Congrats and I hope it all goes well.

Iliveinalighthousewiththeghost Mon 22-Aug-16 14:37:58

I could weep for you both. You're both hurting. You because you want your friend to share your joy, which isn't unreasonable, but I've been there myself, feeling like the whole world and his wife aside from me are pregnant well still am there tbh. I've just learned to handle pregnant women better, so I can't critique your friend.

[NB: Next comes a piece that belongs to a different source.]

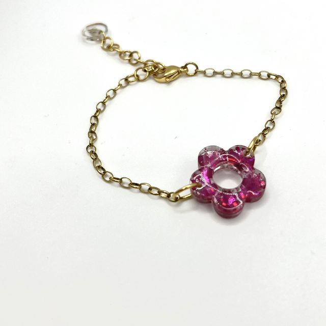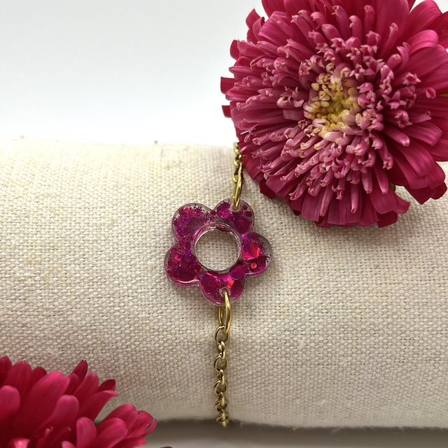 Chaque charm est fabriqué avec de véritables fleurs séchées récoltées et séchées par mes soins. Chaque fleur est différente, donc chaque bracelet est unique !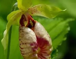 绿花杓兰:植株高30-60厘米,具较粗短的根状茎。茎直立,被短柔毛,基部具数枚鞘,鞘上方具4-5枚叶。…

CwtchyQ Mon 22-Aug-16 14:48:27

lighthouse I am sorry - it is the toughest road to walk and I know that. I don't mind if she doesn't feel or express joy about it - I learnt to put a good face on it everytime someone announced their pregnancy - but that's me and I found it hard to be gracious sometimes. I just feel sad she is backing away from me, and though it's understandable, I just don't know what to do for the best.

TheSkyAtNight Mon 22-Aug-16 14:53:26

Her comments were awful, even if she is suffering. It's kind of you to forgive them. I think a bit of space is fine.